Douglas Leedy scite author profile

BACKGROUND With increasing diagnoses and available treatment options for transthyretin amyloidosis cardiomyopathy (ATTR-CM), risk stratification of ATTR-CM patients is imperative. OBJECTIVES We hypothesized that diuretic dose and New York Heart Association (NYHA) functional class are independent predictors of mortality in ATTR-CM and would be incrementally additive to existent risk scores. METHODS Consecutive ATTR-CM patients referred to a single center were identified. Adjusted Cox proportional hazards models determined the association between diuretic dose (furosemide equivalent in mg/kg) at time of diagnosis and the primary outcome of all-cause mortality. The incremental value of adding diuretic dose and NYHA functional class to existing ATTR-CM risk scores was assessed for discrimination and calibration. RESULTS 309 patients were identified, with mean age 73.2 ± 9.8 years, 84.1% male, and 66% wild type. Daily mean diuretic dose was 0.6 ± 1.0 mg/kg and significantly associated with all-cause mortality (unadjusted hazard ratio: 2.12 per 1-mg/kg increase, [95% confidence interval: 1.71 to 2.61] and fully adjusted hazard ratio: 1.43 [95% confidence interval: 1.06 to 1.93]).

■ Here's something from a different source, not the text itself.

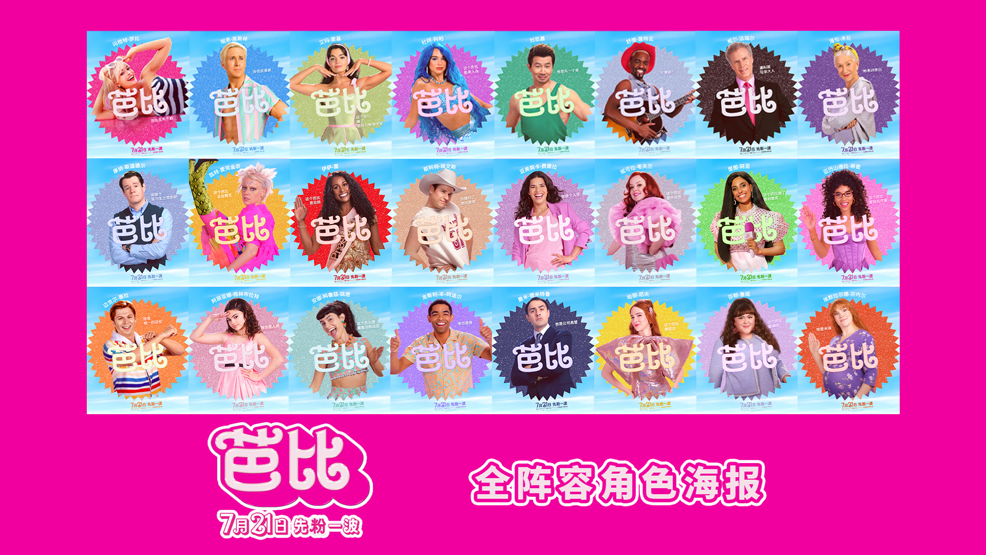 由华纳兄弟影片公司出品的真人电影《芭比》将于7月21日登陆全国影院与北美同步上映,影片震撼发布24张多巴胺风格角色海报,超多芭比和超多肯组团亮相!百变芭比Style令人大开眼界,美出无限可能,完美男友肯也是帅得各具特色,更有身份成谜的人类角色引爆无限遐想!缤纷一夏的芭比狂欢即将开启,7月21日一起来影院先粉一波!

Testing previously published ATTR risk scores, adding diuretic dose as categories (0 mg/kg, >0 to 0.5 mg/kg, >0.5 to 1 mg/kg, and >1 to 2 mg/kg) improved the area under the curve of the Mayo risk score from 0.693 to 0.767 and the UK risk score from 0.711 to 0.787 while preserving calibration. Adding NYHA functional class further improved the area under the curve to 0.798 and 0.816, respectively. CONCLUSIONS Diuretic dose and NYHA functional class are independent predictors of mortality in ATTR-CM patients and provide incremental value to existing ATTR-CM risk scores.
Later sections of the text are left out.